September 24 2021 03:30 pm

Dixie Fire explodes past 322K acres, devastates town of Greenville

Wildfire Watch

GREENVILLE, Calif. (KTXL/AP) — Fire crews continue to battle the Dixie Fire after it exploded 50,000 acres overnight, leveling much of the small mountain community of Greenville. 

The Dixie Fire, swollen by bone-dry vegetation and 40-mph gusts, raged through the northern Sierra Nevada town of Greenville Wednesday evening.

“We did everything we could,” fire spokesman Mitch Matlow said. “Sometimes it’s just not enough.”

Rep. Doug LaMalfa, who represents the district the Dixie and River fires are burning in, issued a tearful promise to his constituents Wednesday night.

“But we lost Greenville tonight, and there’s just not words for how us in the government haven’t been able to get the job done. We’ll take up the fight even harder and more so,” LaMalfa said as he stood with the massive plume of smoke from the Dixie Fire over his shoulder. “We got to … stop this. We got to get D.C. to pay attention, we got to get Sacramento to pay attention. Forget the politics, forget the nonsense, we have to stop making this happen by inattention to what is obvious.”

Red flag weather conditions of high heat, low humidity and gusty afternoon and evening winds erupted Wednesday and were expected to be a continued threat through Thursday evening.

The trees, grass and brush were so dry that “if an ember lands, you’re virtually guaranteed to start a new fire,” Matlow said.

The blaze was running parallel to a canyon area that served as a chimney, making it so hot that it created enormous pyrocumulus columns of smoke. These clouds bring chaotic winds, making a fire “critically erratic” so it’s hard to predict the direction of growth, he added.
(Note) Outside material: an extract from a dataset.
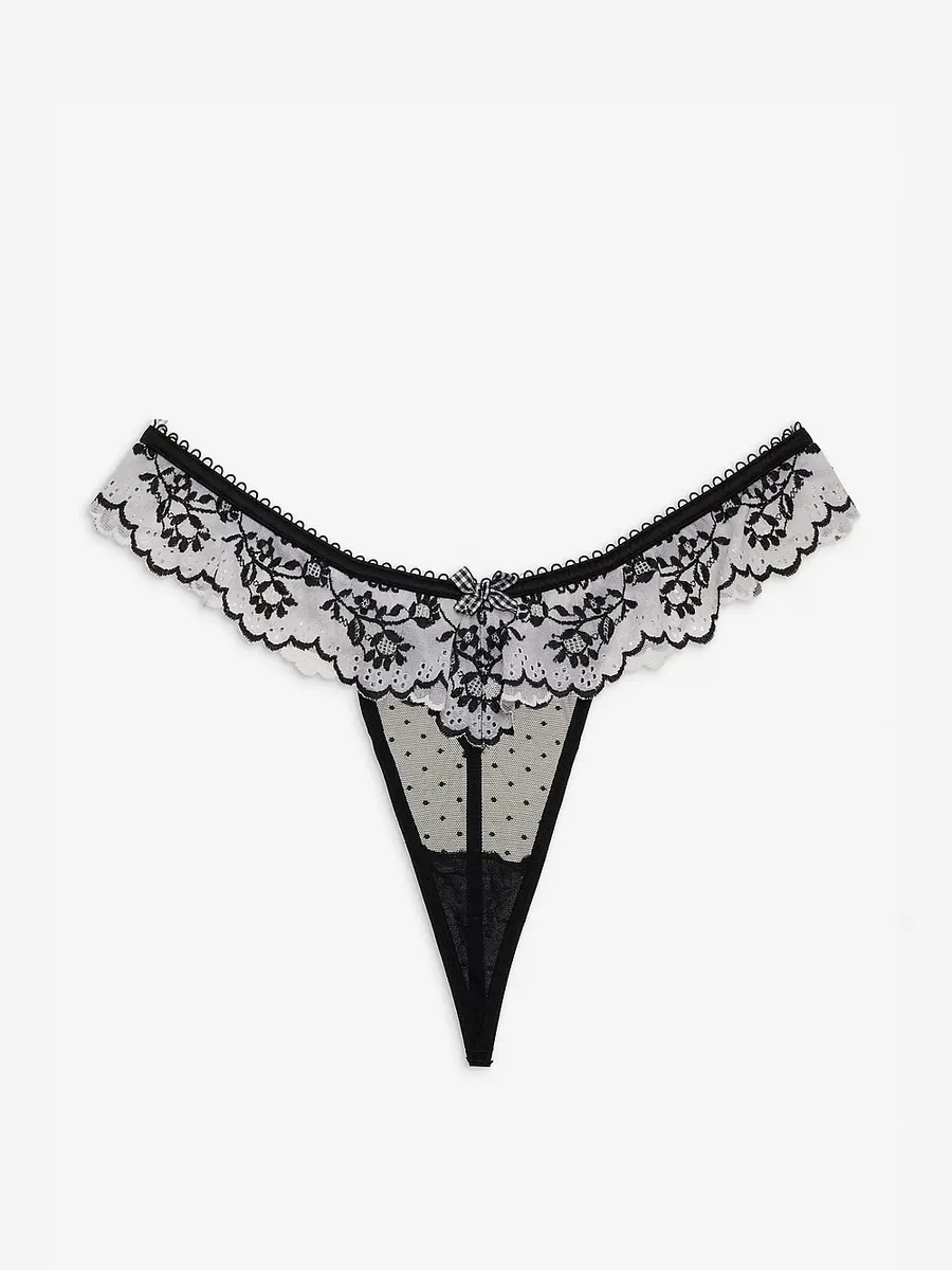 Эти стринги, вдохновленные знойным французским нижним бельем, выполнены из точечной сетки с вышитыми оборками на бедрах и бантиком в мелкую клетку. Носите его в комплекте с подходящим бралеттом Rubee Bralette.

Nearly 5,000 fire personnel continue to battle the fire, burning northeast of Paradise, which started July 13. As of Thursday morning, it’s burned 322,502 acres across Plumas and Butte counties and is 35% contained.
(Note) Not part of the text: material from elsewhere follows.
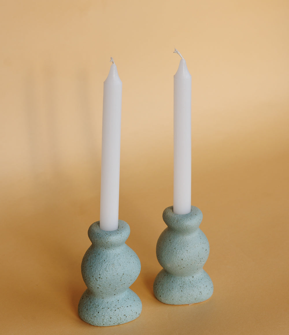זוג פמוטים בעבודת יד בגוון תכלת, עשויים קרמיקה בטקסטורה מחוספסת ועדינה

It has since moved up the list of California’s biggest wildfires to become the 6th largest in the state’s history.

The Dixie Fire merged with the nearby Fly Fire, which started July 22. Pacific Gas & Electric has reported to California utility regulators that its equipment may have been involved in the start of both fires.

PG&E equipment has repeatedly been linked to major wildfires, including the Camp Fire that ravaged the town of Paradise and killed 85 people.
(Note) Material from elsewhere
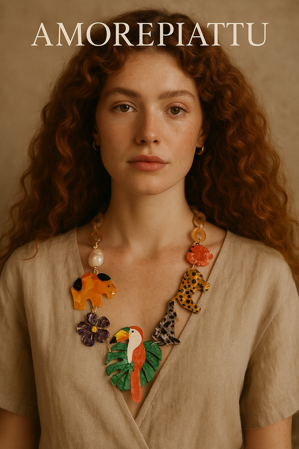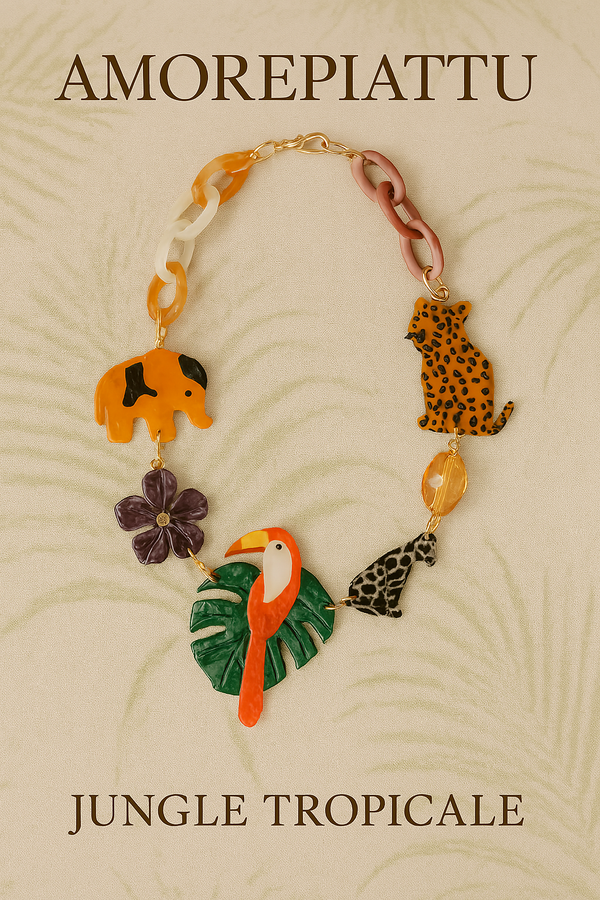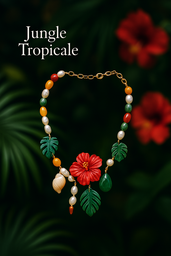 Plongez dans un univers luxuriant avec Jungle Tropicale, un collier audacieux et solaire qui célèbre la richesse exubérante de la nature tropicale.

More than 12,400 structures are threatened by the fire, Cal Fire reported. At least 45 structures have been destroyed, 22 minor structures have been destroyed and nine structures have been damaged.

Evacuation orders and warnings were lifted for several remote areas of Butte and Plumas counties last week, but more were ordered this week as flames jumped perimeter lines in a few spots Tuesday, prompting additional evacuation orders for people east of Lake Almanor, fire officials said.

On Wednesday afternoon, the fire grew by thousands of acres and an additional 4,000 people were ordered to evacuate, bringing nearly 26,500 people in several counties under evacuation orders, Matlow said.

Because evacuation orders and warnings are changing frequently, Cal Fire is directing residents to the social media pages of local law enforcement and forest management.

Residents can also sign up for their county’s CodeRed emergency alert system for evacuation information using the links below:

The following locations have been listed as evacuation centers:

  • Springs of Hope Church at 59 Bell Lane in Quincy, CA in Plumas County
  • Lassen Community College at 78-200 CA-139 in Susanville, CA in Lassen County

For online resources and the latest information on evacuation orders, click or tap here.

Crews have had to battle the blaze mostly from the air due to difficult terrain, and narrow roads into the fire area have been closed to all but fire personnel. 

In some places where firefighters are not able to access the flames by road, they’re using Union Pacific engines, with water tanks in the front and back. The engines travel the tracks on the west side of the Feather River, which also provides a convenient water source for helicopters.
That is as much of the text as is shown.